▶ [Dataset section]:

────────

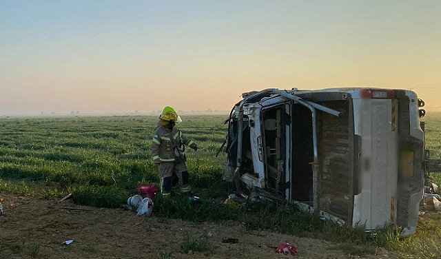 وفتحت الشرطة تحقيقا في ملابسات الحادث الذي وقع على شارع رقم 234 في النقب الغربي، ويستدل من المعلومات الأولية أن مركبة تجارية صغيرة ولأسباب لم تتضح بعد انقلبت على جانبها.
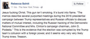 Meanwhile, liberal commentator Rebecca Solnit declared this to be a “smoking gun” that proves Trump’s “treason,” while Daily Kos’ Markos Moulitsas sounded the same theme:
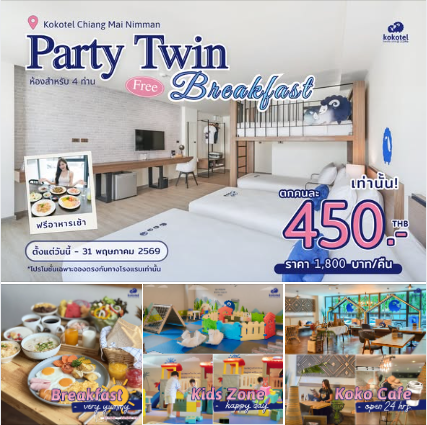 ห้องพักพร้อมอาหารเช้า สำหรับ 4 ท่านในราคาพิเศษเพียงคืนละ 1,800.-

────────

▶ [Task description]: Repeat each line of the material, unaltered, from the first through the line with "Meanwhile, liberal commentator", and include no pictures.

▶ [Answer for this exercise]:
 وفتحت الشرطة تحقيقا في ملابسات الحادث الذي وقع على شارع رقم 234 في النقب الغربي، ويستدل من المعلومات الأولية أن مركبة تجارية صغيرة ولأسباب لم تتضح بعد انقلبت على جانبها.
 Meanwhile, liberal commentator Rebecca Solnit declared this to be a “smoking gun” that proves Trump’s “treason,” while Daily Kos’ Markos Moulitsas sounded the same theme:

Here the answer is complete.